AB Private Credit Investors Corp Enters Amended Credit Facility

What Happened

  • On December 18, 2025, ABPCI Funding II LLC (formerly ABPCIC Funding IV LLC), a wholly owned subsidiary of AB Private Credit Investors Corporation (the Fund), entered into an amended and restated credit agreement with Natixis, New York Branch (as Administrative Agent), various lenders, U.S. Bank Trust Company (Collateral Agent/Administrator) and U.S. Bank National Association (Custodian). The agreement establishes a secured credit facility that the Borrower may draw during the commitment period and is secured by all assets held by the Borrower.
  • The facility permits up to $216,000,000 of Class A‑D1 delayed‑draw term loans, $44,000,000 of Class A‑D2 delayed‑draw term loans, and $65,000,000 of Class A‑R revolving loans (which the Borrower can convert to term loans). Borrowings bear interest at three‑month SOFR plus spreads (Class A‑D1: +1.51% p.a.; Class A‑D2: +1.84% p.a.; Class A‑R: +1.57% p.a.) and mature no later than December 18, 2036 (or earlier upon acceleration).

Key Details

  • Maximum commitments: $216.0M (Class A‑D1) + $44.0M (Class A‑D2) + $65.0M (Class A‑R) = potential total draw capacity defined by classes.
  • Interest & payments: SOFR (3‑month) + spreads; interest payable quarterly in arrears.
  • Security & administration: Borrowings are secured by the Borrower’s assets; collateral accounts are held by the Custodian under an Account Control Agreement; U.S. Bank Trust Company serves as Collateral Agent/Administrator.
  • Retention & regulatory compliance: The Fund (as Retention Provider) will retain at least a 5% net economic interest in the collateral (to satisfy EU/UK securitization retention rules), intended to be held via membership interests in the Borrower.
  • Manager fees: The Collateral Manager (AB Private Credit Investors LLC) waived management fees under the Credit Agreement/Collateral Management Agreement; the Borrower will reimburse reasonable out‑of‑pocket expenses.

Why It Matters

  • This filing creates a material, secured financing capacity for the Fund’s subsidiary — a direct financial obligation that provides liquidity and a source of funding for purchasing or holding the assets transferred from the Fund to the Borrower.

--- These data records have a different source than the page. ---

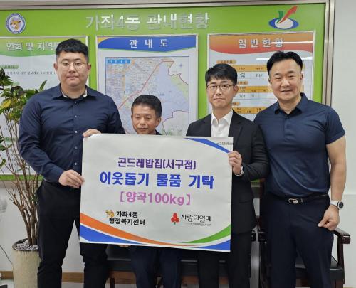[½Åµ¿¾Æ¹æ¼Û ÀÎõ= À±¹Î½Ä±âÀÚ]ÀÎõ ¼­±¸ ½É°îµ¿ ¼ÒÀçÀÇ °ïµå·¹¹äÁý ¼­±¸Á¡(´ëÇ¥ ±è¿µÁÖ), Àλý°Ç¾î¹°(´ëÇ¥ °íÇü±â)Àº Áö³­ 21ÀÏ °¡ÁÂ4µ¿ÀÇ °ü³» ¾î·Á¿î ÀÌ¿ôÀ» À§ÇÑ ³ª´® Ȱµ¿À¸·Î ¾ç°î 100kgÀ» °¡ÁÂ4µ¿ Áö¿ª»çȸº¸ÀåÇùÀÇü(µ¿Àå ¹é½ÂÈ£, °øµ¿À§¿øÀå Á¤°èÈ­)¿¡ Àü´ÞÇß¡¦
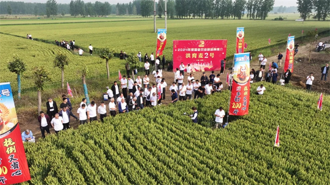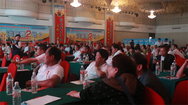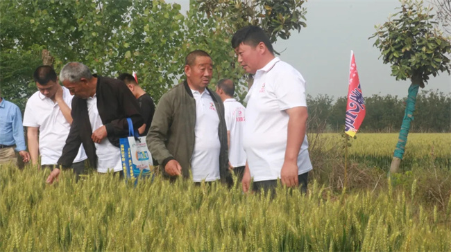 會前,參會嘉賓觀摩了“洪育麥2號”生產大田,察看了當前處于灌漿期“洪育麥2號”整體長勢情況,分享了推廣“洪育麥2號”兩年來的體會心得,對“洪育麥2號”高產穩產和綜合抗性強等優勢表示高度認可,并就如何“上量擴面”的營銷策略和技巧進行交流。
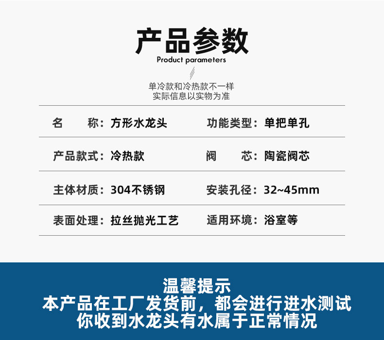 Color Classification Low Profile Mirror Light Hot and Cold Square + 60cm Hose,Low-Profile Brushed Square Faucet with 60cm Flexible Hose,Tall Brushed Hot and Cold Square + 60cm Hose,Mirror Light Hot and Cold Square + 60cm Hose + Angle Valve,Low-Profile Brushed Square Faucet with 60cm Flexible Hose and Angle Valve,Tall Brushed Hot and Cold Square + 60cm Hose + Angle Valve,Low-Profile Mirror-Finish Hot & Cold Square Faucet (Hose Not Included),Low-Profile Brushed Square Hot and Cold Faucet (Hoses Not Included),High-Style Brushed Hot & Cold Square Faucet (Hose Not Included),Low-Profile Brushed Single Cold Water Square Faucet (Hose Not Included),Low Profile Brushed Single Cold Square + 60cm Hose,Low-Profile Brushed Single-Lever Square Faucet with 60cm Flexible Hose and Angle Valve,High-Style Brushed Single Cold Square Faucet (Hose Not Included),Tall Brushed Single Cold Square + 60cm Hose,Tall Brushed Single Cold Square + 60cm Hose + Angle Valve
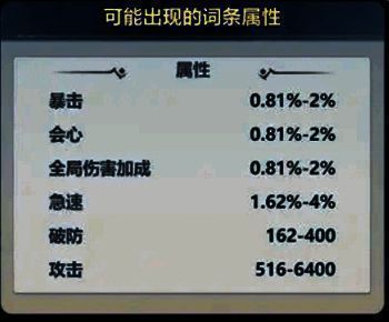 反虚洗练每件装备可洗练出的暴击加成范围:0.81%~2%
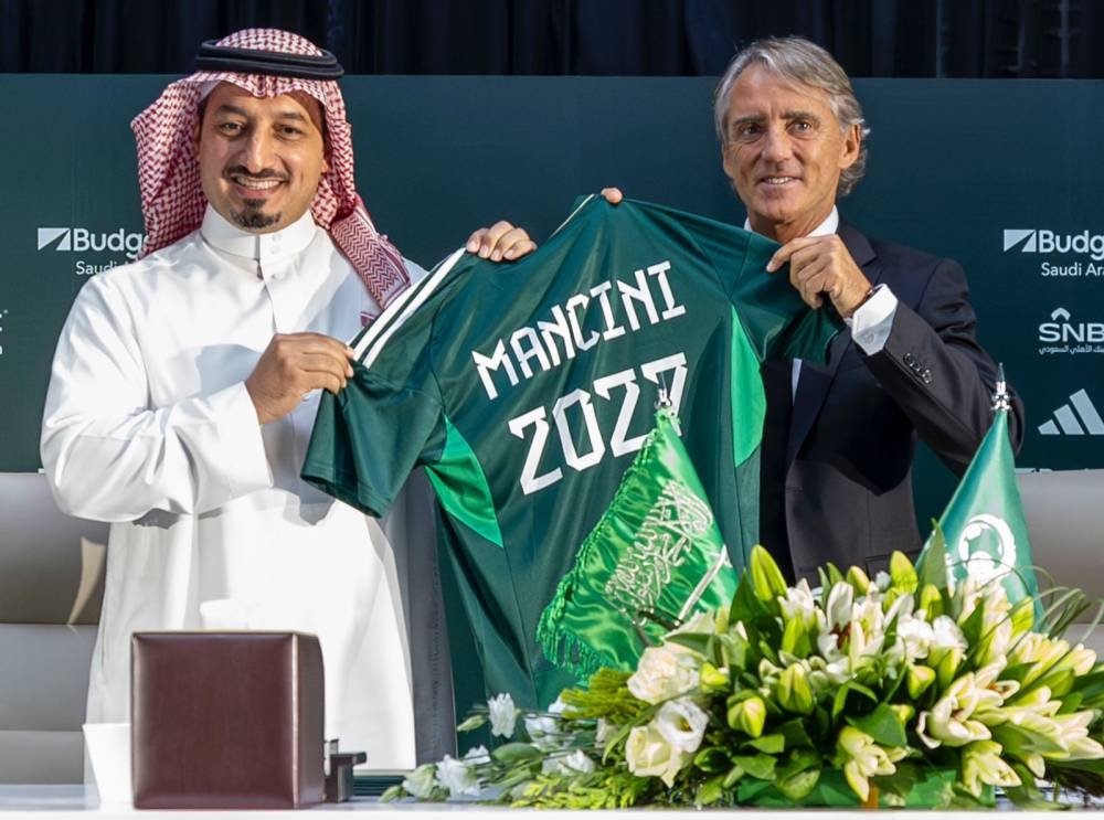 رئيس الاتحاد السعودي ياسر المسحل ومدرب المنتخب السعودي مانشيني.
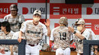 [OSEN=고척, 이대선 기자] 29일 오후 서울 고척스카이돔에서 2022 신한은행 SOL KBO리그 키움 히어로즈와 KIA 타이거즈의 경기가 열렸다.7회말 2사 2루 키움 홍원기 감독이 이지영의 적시타 때 홈을 밟은 이용규를 축하하고 있다. 2022.06.

Investors should note the total potential borrowing capacity, the secured nature of the loans, and the fixed maturity date (Dec 18, 2036).
  • The Fund’s retention of at least 5% of the collateral’s nominal value is intended to meet EU/UK securitization rules and keeps the Fund economically tied to the performance of the collateral. The Collateral Manager’s fee waiver reduces ongoing costs to the Borrower, but any actual impact on the Fund depends on future draw activity, asset transfers under the Transfer Agreement, and compliance with Investment Company Act restrictions.